## What to do
A verbatim copy of all the data is required, minus any images.

## Provided material
Start of Block

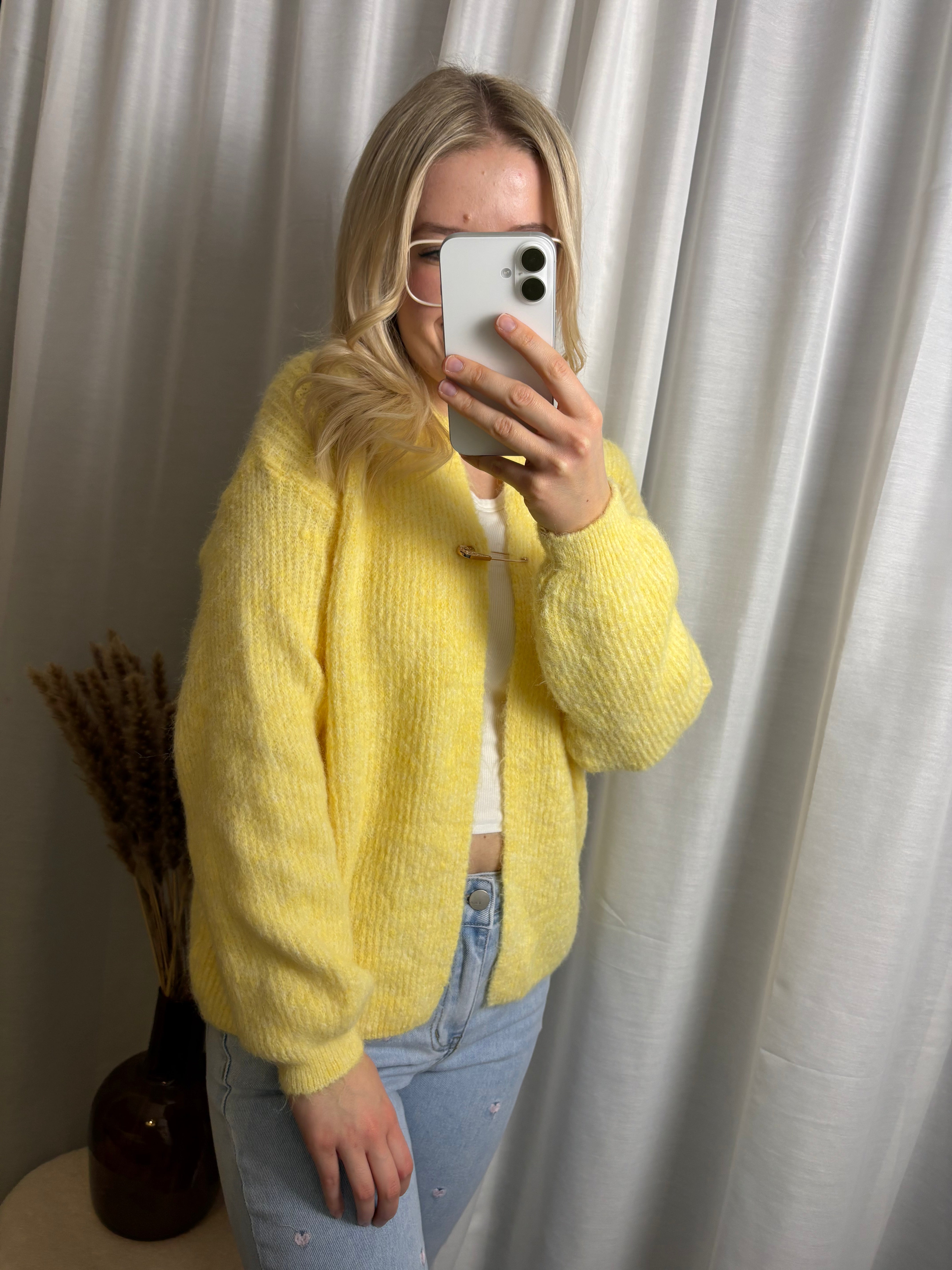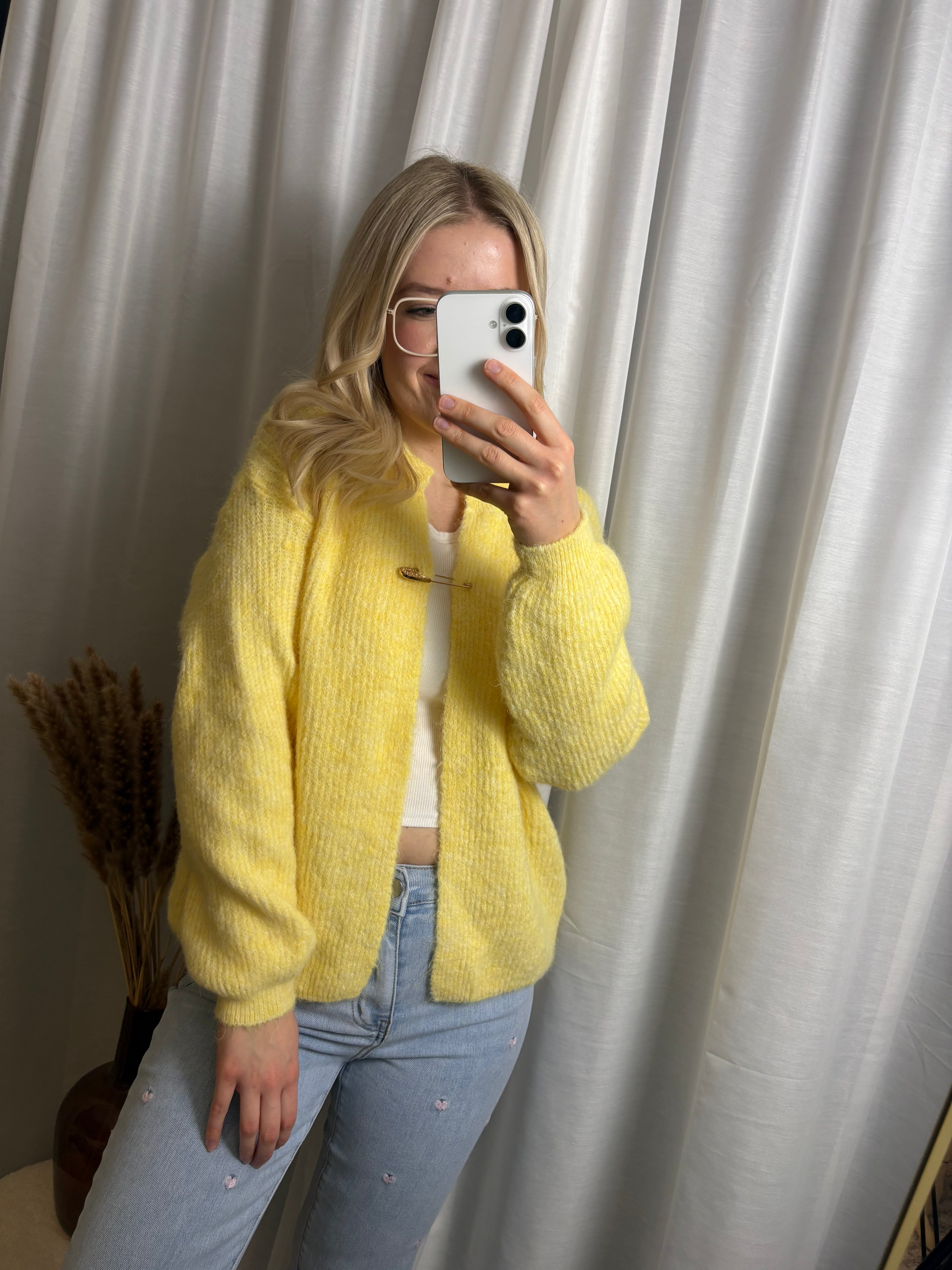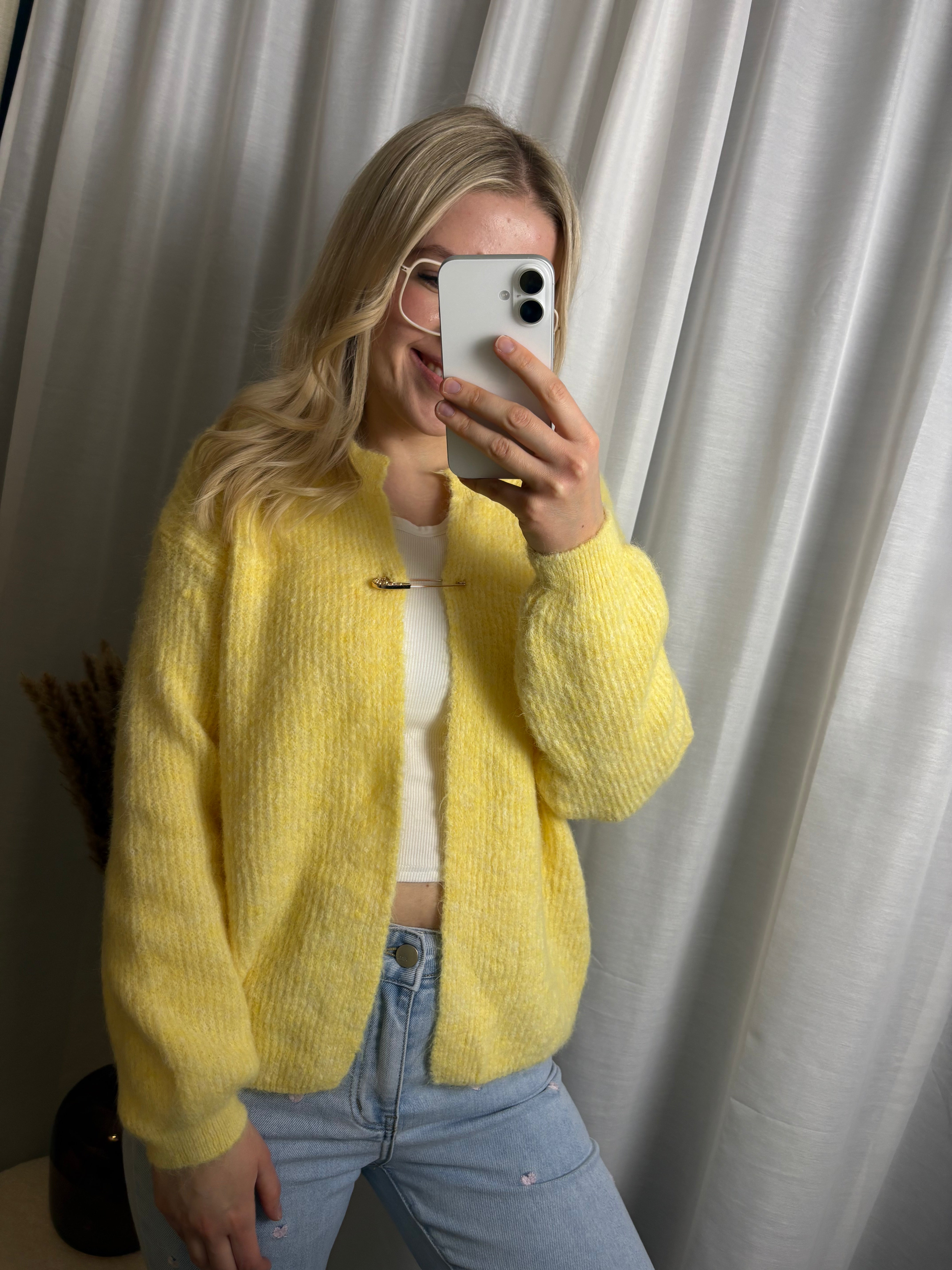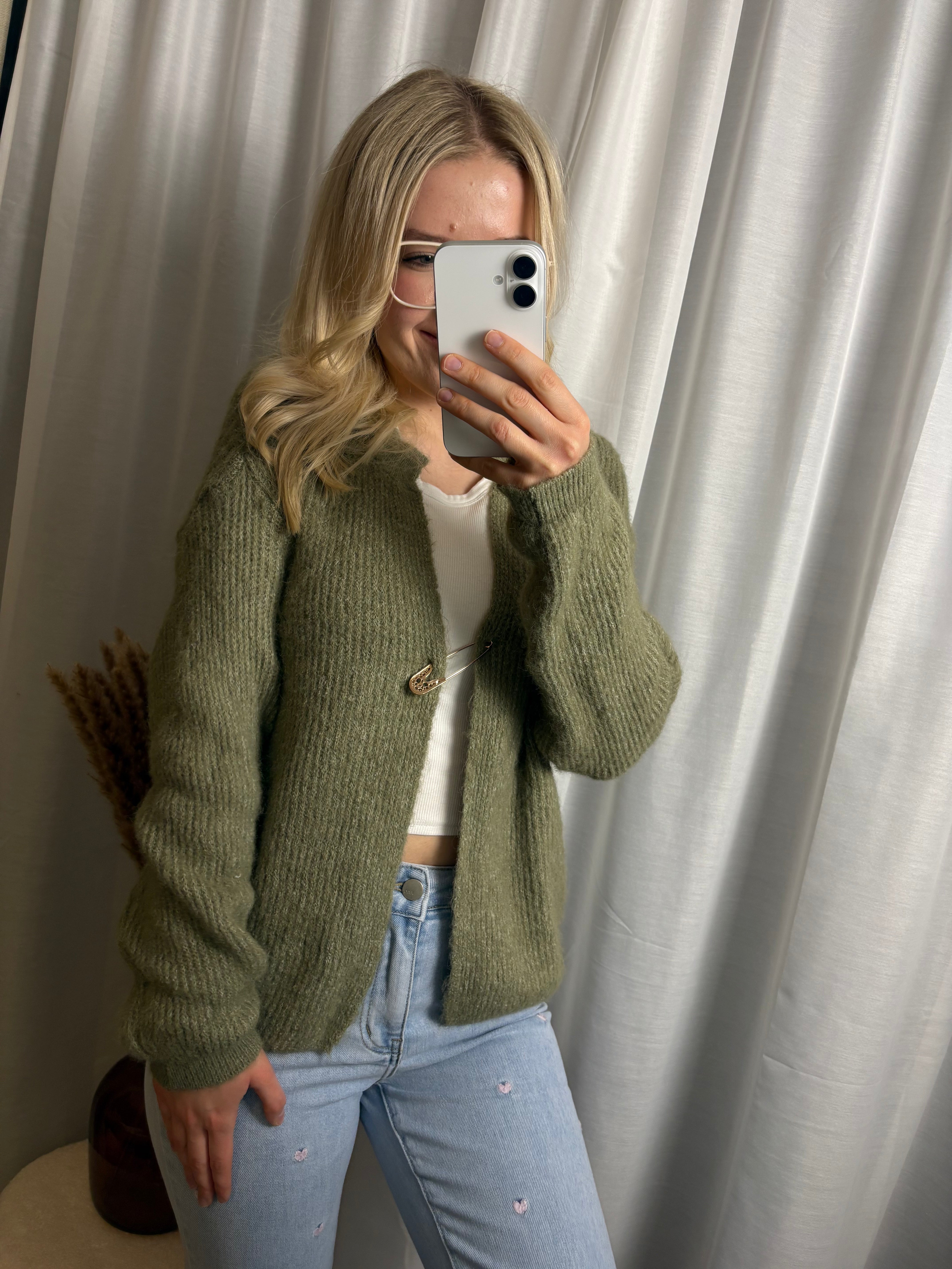 Dieser Cardigan überzeugt mit modernem Design und hochwertigen Materialien aus Italien. Cardigan in Khaki und Gelb Verschluss mit dekorativer Sicherheitsnadel... Lesen Sie mehr
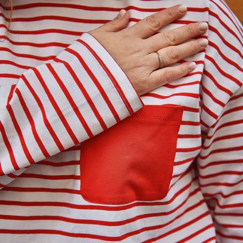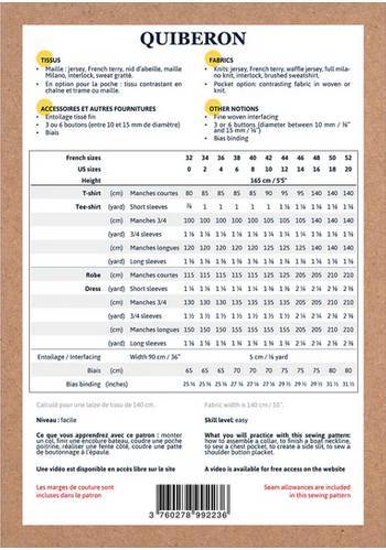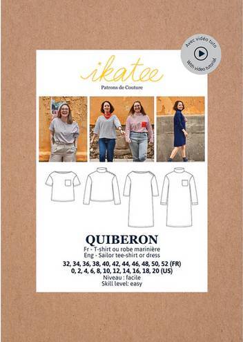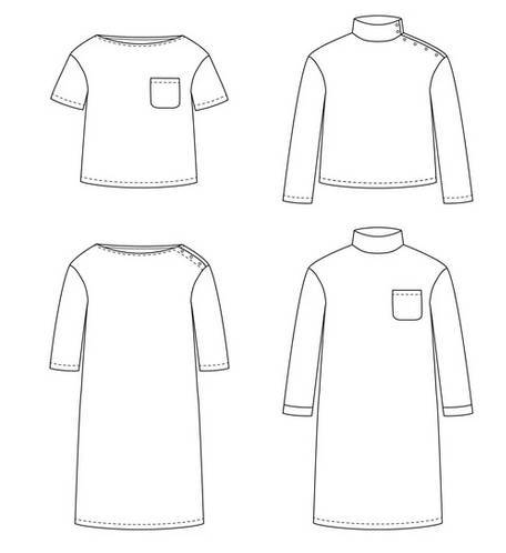 Patron de couture de t-shirt ou robe marinière pour femme. 2 options de col : encolure bateau ou col montant. 4 options de manches : courtes, 3/4 ou longues avec ou sans poignets. Poche poitrine, option ouverture à l’épaule et fente bas de top ou de robe.
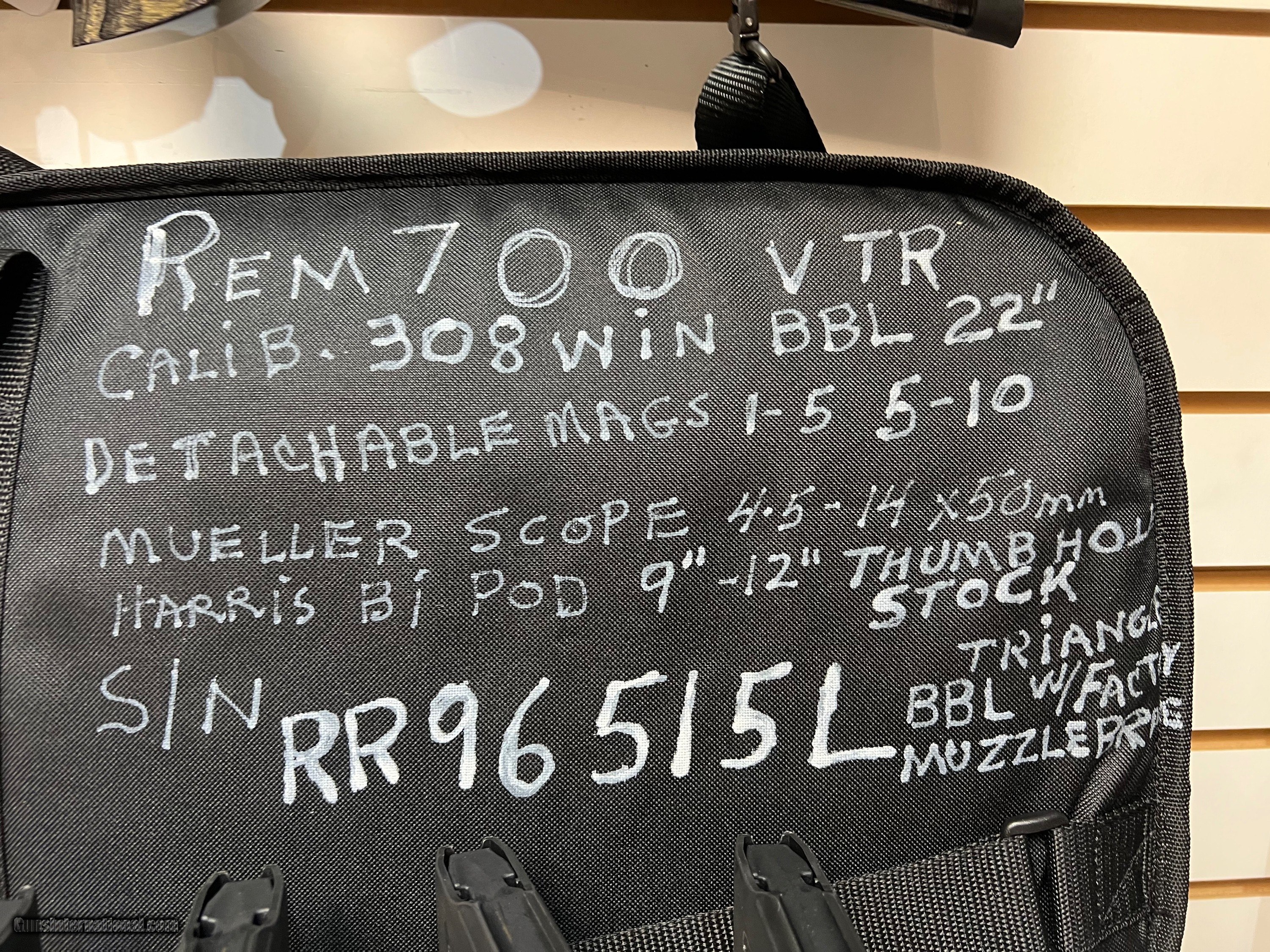 Description: Used Remington 700VTR 308 22" bbl scope muzzle break, bi-pod 6 mags spare trigger group very good condition Buyer pays shipping Millers Gun Center Located in New Castle, Delaware "Home of TAX-Free shopping" No Credit Card Fees Send Gun international inquiry and then call 302-328-9747 to complete your purchase SOLD Serial Number: RR96515L |
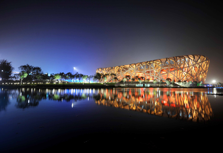 7月18日的臺灣《中國時報》這樣記錄了7月16日晚在“鳥巢”體育館進行的北京奧運會開幕式的第二次帶妝彩排場景。這場彩排首次公開了“鳥巢”夜景照明系統(tǒng)并燃放了禮花。

End of Block

## Result of the task
 Dieser Cardigan überzeugt mit modernem Design und hochwertigen Materialien aus Italien. Cardigan in Khaki und Gelb Verschluss mit dekorativer Sicherheitsnadel... Lesen Sie mehr
 Patron de couture de t-shirt ou robe marinière pour femme. 2 options de col : encolure bateau ou col montant. 4 options de manches : courtes, 3/4 ou longues avec ou sans poignets. Poche poitrine, option ouverture à l’épaule et fente bas de top ou de robe.
 Description: Used Remington 700VTR 308 22" bbl scope muzzle break, bi-pod 6 mags spare trigger group very good condition Buyer pays shipping Millers Gun Center Located in New Castle, Delaware "Home of TAX-Free shopping" No Credit Card Fees Send Gun international inquiry and then call 302-328-9747 to complete your purchase SOLD Serial Number: RR96515L |
 7月18日的臺灣《中國時報》這樣記錄了7月16日晚在“鳥巢”體育館進行的北京奧運會開幕式的第二次帶妝彩排場景。這場彩排首次公開了“鳥巢”夜景照明系統(tǒng)并燃放了禮花。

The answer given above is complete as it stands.